Gemini File Search and File Stores for Easy RAG

Gemini File Search and File Stores for Easy RAG

I am really excited about this post as it's one of the most powerful changes I've seen to Google's Gemini APIs in quite some time. For a while now it's been really easy to perform searches against a document, or a group of documents. You would upload the file (or files), ask your questions, and that was all you needed.

However, the files you uploaded were only there temporarily. This was fine for processes like summarization or categorization where you could automate the process and be done with it. This was also fine for basic chat uses. I blogged an example of this last month: "Building a Document Q&A System with Google Gemini".

The new features I'm talking about today change all of that. You can now create permanent collections of files for introspection over time, creating a real RAG (retrieval augmented generation) system in a few minutes. Well, a simple one at least. Let's see how.

File Stores

Gemini's new RAG support is centered around File Store.
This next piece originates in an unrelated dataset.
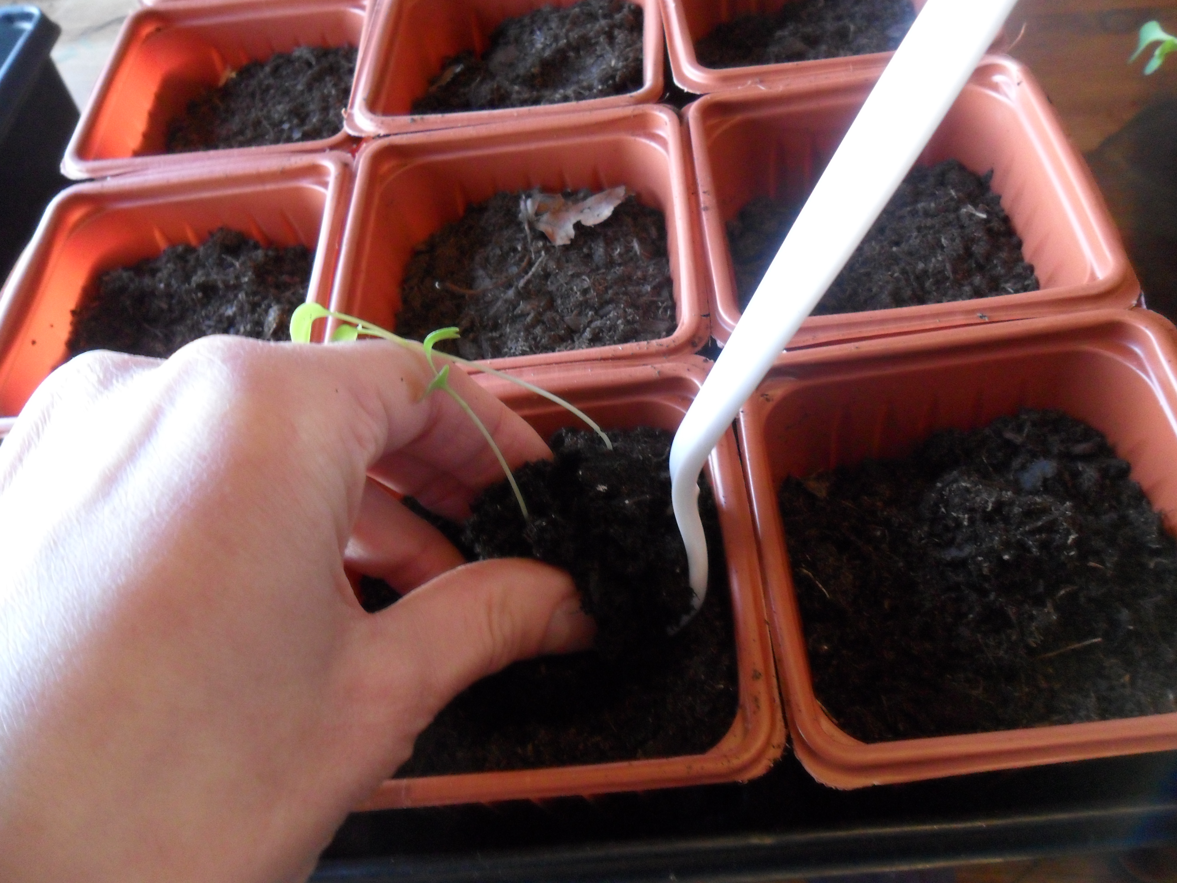 I gently loosened and scooped them out, transplanting them into larger containers (where I would have started them had I known how quickly they’d grow). The roots were already long, but it was the thready stems I had to be careful not to snap.

A File Store is simply a collection of documents. The APIs provide full control over them by letting you create, read, update, and delete. Files can be uploaded directly to a store, or you can use the "old" API for uploading files and then import it into a store. Within an existing store you can also get a list of files and add or delete. I don't believe you can "edit" a file and would need to delete and re-upload instead, but overall, you can pretty much do anything here - and do it rather simply. I'll be showing code for this in a minute.
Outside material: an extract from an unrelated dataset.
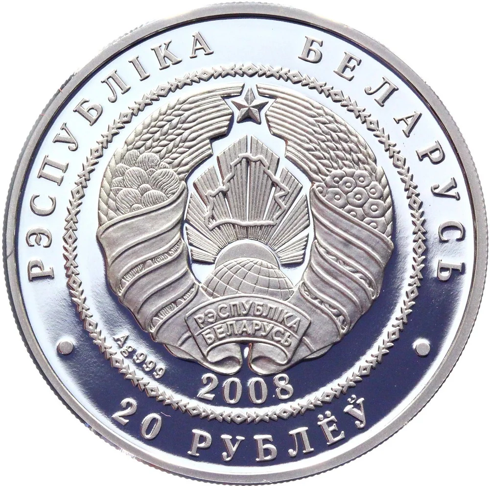 Description: Centered, the State Coat of Arms of Belarus in a circle with a geometric ornament. Below: the year, alloy standard. Circumferential inscriptions: РЭСПУБЛІКА БЕЛАРУСЬ (top) and 20 РУБЛЁЎ (bottom).

That's the good part. The bad part? Well, it's not really bad per se, but the actual how of what you do with them is going to be really different based on every different application you build. I can see many different scenarios:

  • Your developer could build a script that simply checks to see if a store has been created, and if not, makes it. It then reads a folder and uploads each file. This could be run "by hand" once at the beginning of a project.
  • You could automate that process and on a schedule, see if new files need to be added, or removed from the store.
  • You could build a web interface that lets your business users work with one file store, adding and removing files as they see fit.
  • You could build a web interface that lets you build multiple file stores and work with them.

That's just a few examples, but you get the idea. The actual API is going to be trivial, minutes of work probably. Actually figuring out what makes sense for your application/organization will probably take much more time.

Ok, code time. For my demo, I'm going to search against a collection of Shakespeare's works. (Initially I had a copy of everything he wrote, but I removed a bunch to help speed up testing.) My code is going to do the following:

  • Ask Gemini for a list of my file stores.
  • See if one exists with a particular name.
  • If not, make it
  • Then iterate over every file and upload it.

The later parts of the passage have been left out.